» **Problem to work on**
What you return must be an exact copy of the lines in the listing below between the line holding "Рассмотрим комплекты поставок" and the line holding "내려오는 길 하늘이 갑자기", inclusive, and nothing more.

» **Data records**

.....

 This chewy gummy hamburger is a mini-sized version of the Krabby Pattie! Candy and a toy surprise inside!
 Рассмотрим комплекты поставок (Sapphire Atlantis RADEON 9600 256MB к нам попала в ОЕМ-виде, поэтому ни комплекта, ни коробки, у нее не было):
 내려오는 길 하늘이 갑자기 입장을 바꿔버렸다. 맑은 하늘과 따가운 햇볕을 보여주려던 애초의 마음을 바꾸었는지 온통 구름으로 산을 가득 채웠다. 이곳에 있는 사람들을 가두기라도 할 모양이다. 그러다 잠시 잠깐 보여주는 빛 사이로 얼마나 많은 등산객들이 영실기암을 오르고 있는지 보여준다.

.....

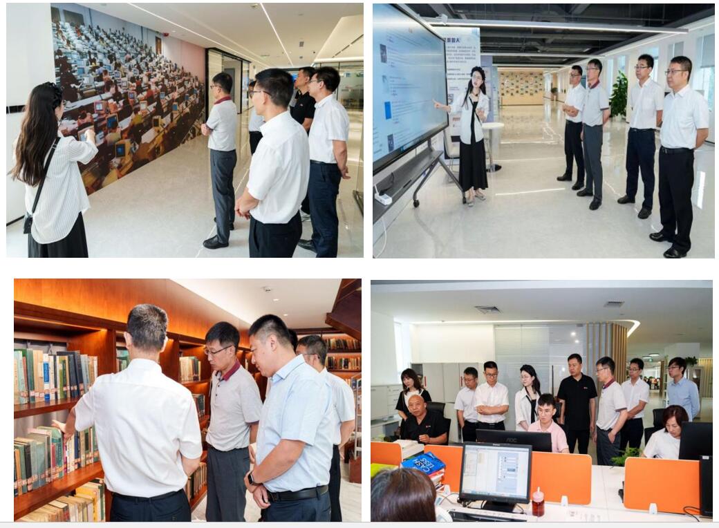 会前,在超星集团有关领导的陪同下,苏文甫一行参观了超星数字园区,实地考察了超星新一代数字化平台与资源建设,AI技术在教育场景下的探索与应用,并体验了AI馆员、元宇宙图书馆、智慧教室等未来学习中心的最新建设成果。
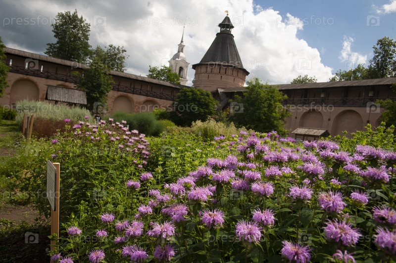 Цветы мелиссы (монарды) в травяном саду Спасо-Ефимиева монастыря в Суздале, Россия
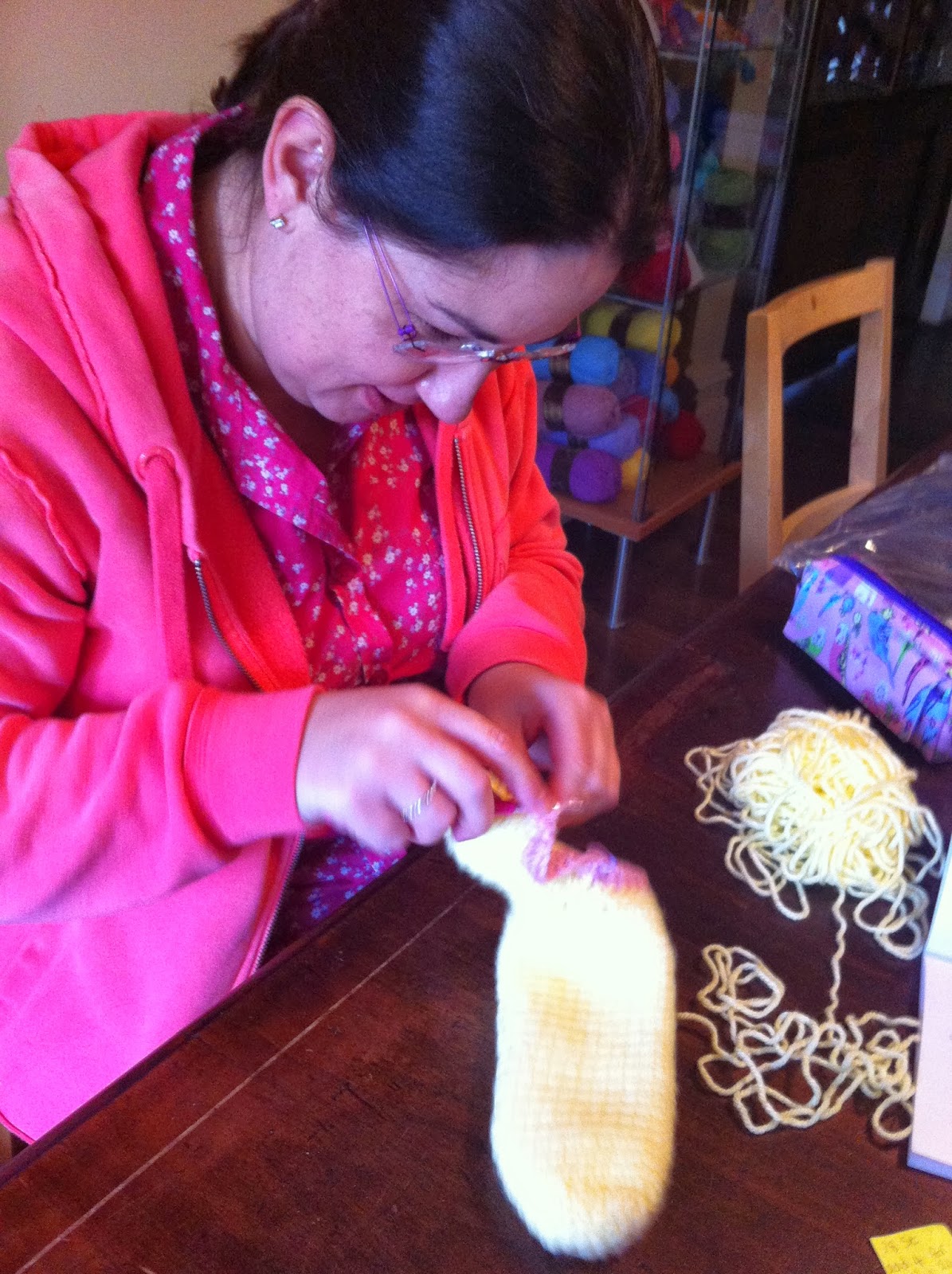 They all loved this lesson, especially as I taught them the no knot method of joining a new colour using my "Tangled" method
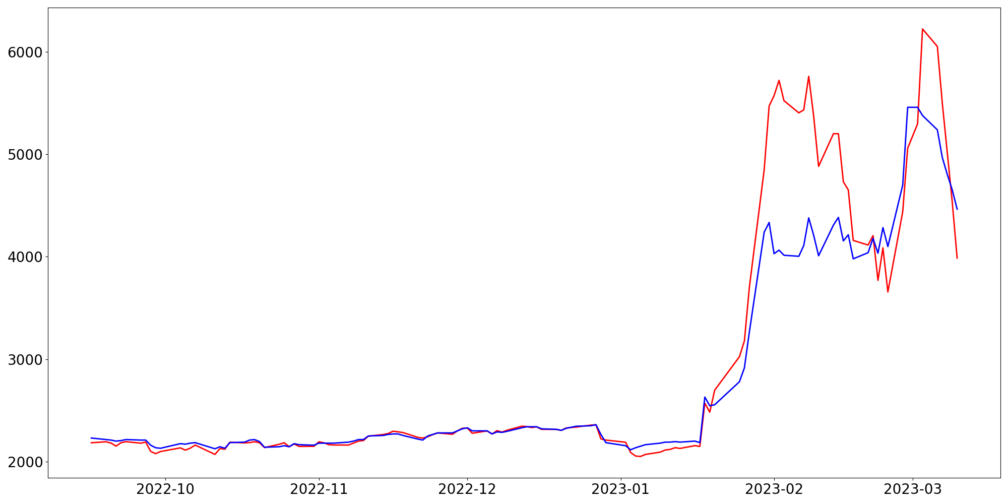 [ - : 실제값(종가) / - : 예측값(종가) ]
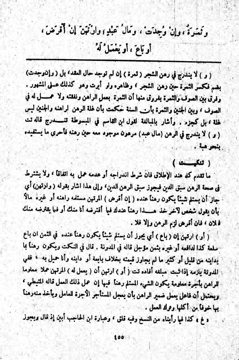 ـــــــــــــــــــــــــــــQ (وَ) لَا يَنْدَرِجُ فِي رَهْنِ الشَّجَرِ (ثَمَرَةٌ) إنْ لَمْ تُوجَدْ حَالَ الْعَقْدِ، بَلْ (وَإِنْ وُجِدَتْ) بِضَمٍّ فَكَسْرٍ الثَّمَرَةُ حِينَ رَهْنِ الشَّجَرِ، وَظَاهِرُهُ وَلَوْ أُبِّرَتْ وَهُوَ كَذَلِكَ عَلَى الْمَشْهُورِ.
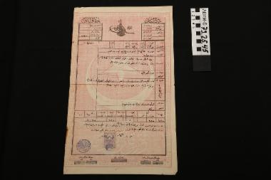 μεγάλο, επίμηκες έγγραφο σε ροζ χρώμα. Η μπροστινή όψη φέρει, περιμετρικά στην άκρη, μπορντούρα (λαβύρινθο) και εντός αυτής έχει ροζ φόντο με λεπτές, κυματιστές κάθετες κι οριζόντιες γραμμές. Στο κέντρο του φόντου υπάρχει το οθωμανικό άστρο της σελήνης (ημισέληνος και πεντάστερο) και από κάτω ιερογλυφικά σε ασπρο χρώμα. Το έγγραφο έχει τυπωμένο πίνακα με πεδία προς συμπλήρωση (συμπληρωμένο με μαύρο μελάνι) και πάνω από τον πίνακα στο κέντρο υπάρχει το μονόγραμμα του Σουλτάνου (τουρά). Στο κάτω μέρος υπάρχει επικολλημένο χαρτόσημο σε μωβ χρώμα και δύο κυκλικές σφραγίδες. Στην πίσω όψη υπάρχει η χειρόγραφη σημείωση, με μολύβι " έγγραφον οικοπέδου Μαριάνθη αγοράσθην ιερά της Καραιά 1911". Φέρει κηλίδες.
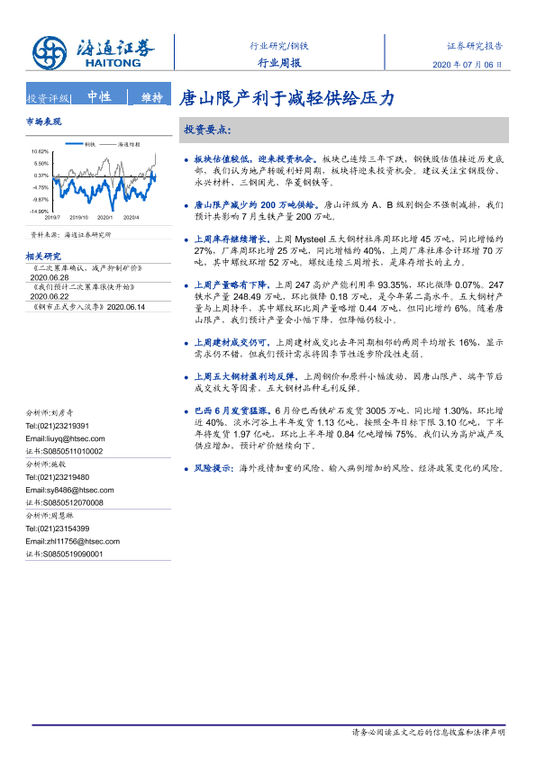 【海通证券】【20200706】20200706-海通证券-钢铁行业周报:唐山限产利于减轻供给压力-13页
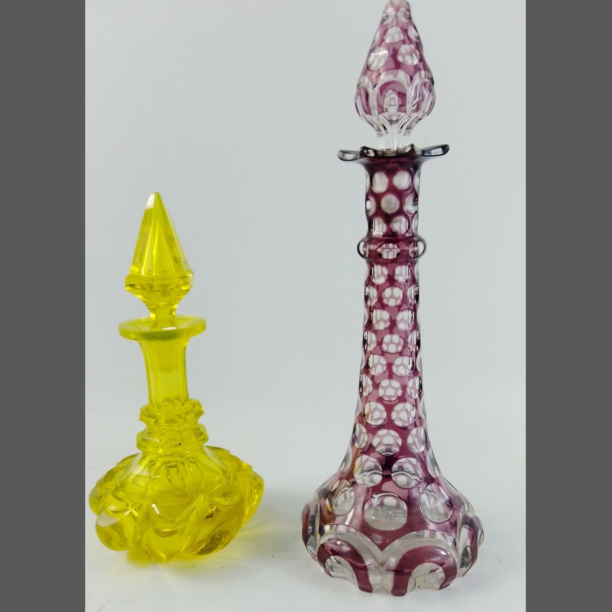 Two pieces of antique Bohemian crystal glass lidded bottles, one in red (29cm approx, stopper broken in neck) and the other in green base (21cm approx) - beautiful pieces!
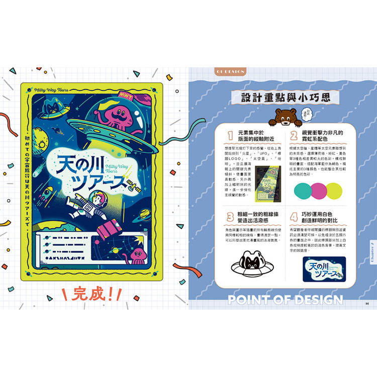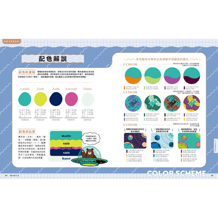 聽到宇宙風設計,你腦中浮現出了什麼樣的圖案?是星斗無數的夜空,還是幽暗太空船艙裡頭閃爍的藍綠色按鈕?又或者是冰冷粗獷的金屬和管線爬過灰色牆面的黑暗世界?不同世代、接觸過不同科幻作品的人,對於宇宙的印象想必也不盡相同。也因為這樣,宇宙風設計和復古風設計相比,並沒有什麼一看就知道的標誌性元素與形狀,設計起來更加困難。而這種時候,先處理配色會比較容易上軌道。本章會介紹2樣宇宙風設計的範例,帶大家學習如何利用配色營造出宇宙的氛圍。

.....

» **Answer box**
 Рассмотрим комплекты поставок (Sapphire Atlantis RADEON 9600 256MB к нам попала в ОЕМ-виде, поэтому ни комплекта, ни коробки, у нее не было):
 내려오는 길 하늘이 갑자기 입장을 바꿔버렸다. 맑은 하늘과 따가운 햇볕을 보여주려던 애초의 마음을 바꾸었는지 온통 구름으로 산을 가득 채웠다. 이곳에 있는 사람들을 가두기라도 할 모양이다. 그러다 잠시 잠깐 보여주는 빛 사이로 얼마나 많은 등산객들이 영실기암을 오르고 있는지 보여준다.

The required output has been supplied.